With each roadblock Chris and his sister and father run into trying to get Joe to go through with the plan, you can almost see pieces of Chris, played with effective unease and frustration by Emile Hirsch, falling off of him. It's as if the event impeding his plan to commit a horrible act is wearing away at his mind and, in time, even his body. Hirsch's ability to project exhaustion as if every breath hurts him is one of the many aspects that clinch the character's frame of mind.
Once again, William Friedkin has a perfect grip on his direction, every movement and composition in the film playing on two or even three levels. He allows the characters in this a lot of space, often shoots from a distance to create large gaps in the frame. Killer Joe has that deep Texas feel about it that makes you feel somewhat grimy even without the unrefined nature of its characters, and the extra padding Friedkin incorporates into nearly every shot gives the sense of this world that even Chris points out has "too much damn space."

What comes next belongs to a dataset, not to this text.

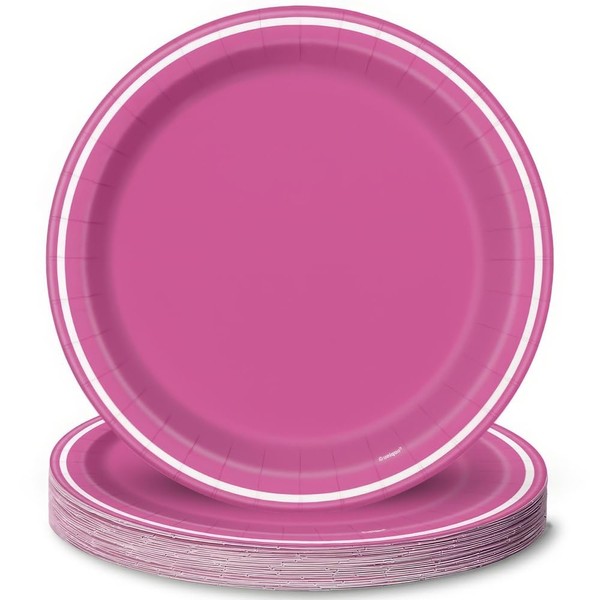 - PACKAGE INCLUDES: 8 Hot Pink Thin Stripes Round Dinner Plates - 9"

Words of enthusiasm have to be said for the performances Juno Temple and Thomas Hayden Church give as Dottie and Ansel, respectively. Temple plays both sides of her character, the innocence but possibly with something darker bubbling under the surface, with equal conviction. Hayden Church is typically bumbling in his part, but that's never not funny. It's hard to put someone down for going back to something they're exceptionally good at. Gina Gershon as Sharla, Ansel's new wife who has her own ideas about the plan, is entertaining in just how unrefined the beautiful actress can be.

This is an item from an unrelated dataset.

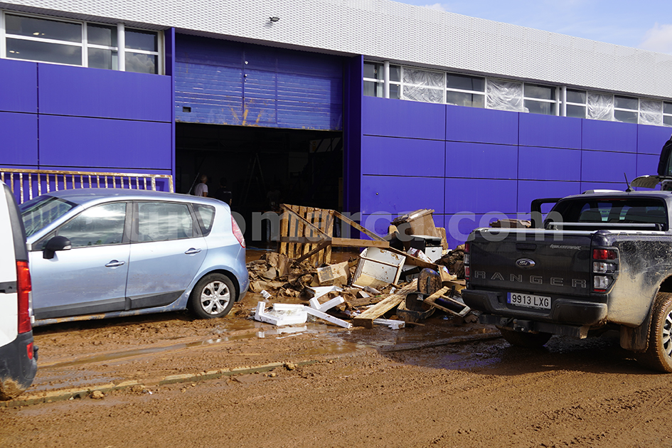La DANA ha deixat un rastre de devastació en el polígon industrial La Pahilla, a Xiva, on nombroses naus han quedat inundades i cobertes de fang. La intensa acumulació d’aigua i sediments ha provocat greus danys en maquinària i materials, que en molts casos han quedat inservibles i que per tant no podran reprendre les seues activitats empresarials.

Then comes Joe. Then comes where the film takes that dark edge that it has been riding, and yanks a hard left crossing every line imaginable. There are twisted things found throughout Killer Joe, but none compare to the moments of absurd domination this character has over the other characters, mostly Dottie. Matthew McConaughey, an actor who has finally embraced the strangeness he can bring to these characters, is on fire here. Charming and charming and charming until he's not very charming any more, McConaughey always gives Joe that vicious look in his eyes, as if he could snap at any minute for any reason. It wouldn't be a very interesting movie if Joe never did, so it's fair to say he does. When that happens, the line between good and bad taste, normalcy and absurd, doesn't even exist any more. The movie, the character, and McConaughey most importantly go off the deep end, and the results are unsettling but endlessly fascinating. It is without question Matthew McConaughey's most fearless and best performance to date.

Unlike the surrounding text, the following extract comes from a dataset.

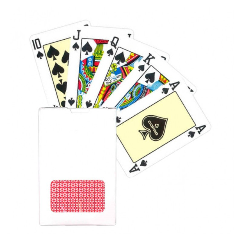 Made from virtually indestructible PVC plastic for years of use. The cards can be quickly wiped clean with a damp cloth, so they won't wear out over time. The decks come with a hard plastic case for storage and transport. Each deck contains 52 cards, 2 Jokers and 1 COPAG card.

Killer Joe the movie is a lot like Killer Joe the character. It ways on your nerves simply with the sticky, hot atmosphere it builds and the sleaziness of its characters and their actions. It makes you laugh, but it's more often than not an uncomfortable laughter, the kind you try to stifle since you're not entirely sure anyone else is joining in. Once Joe reaches his boiling point, though, the film does, as well. The consequences are swift and merciless, and the results more than a little graphic. With Friedkin's expertise as a storyteller hitting every mark and McConaughey absolutely unchained, Killer Joe is the kind of film where bad taste on screen leaves a good taste in your mouth. That rarely happens.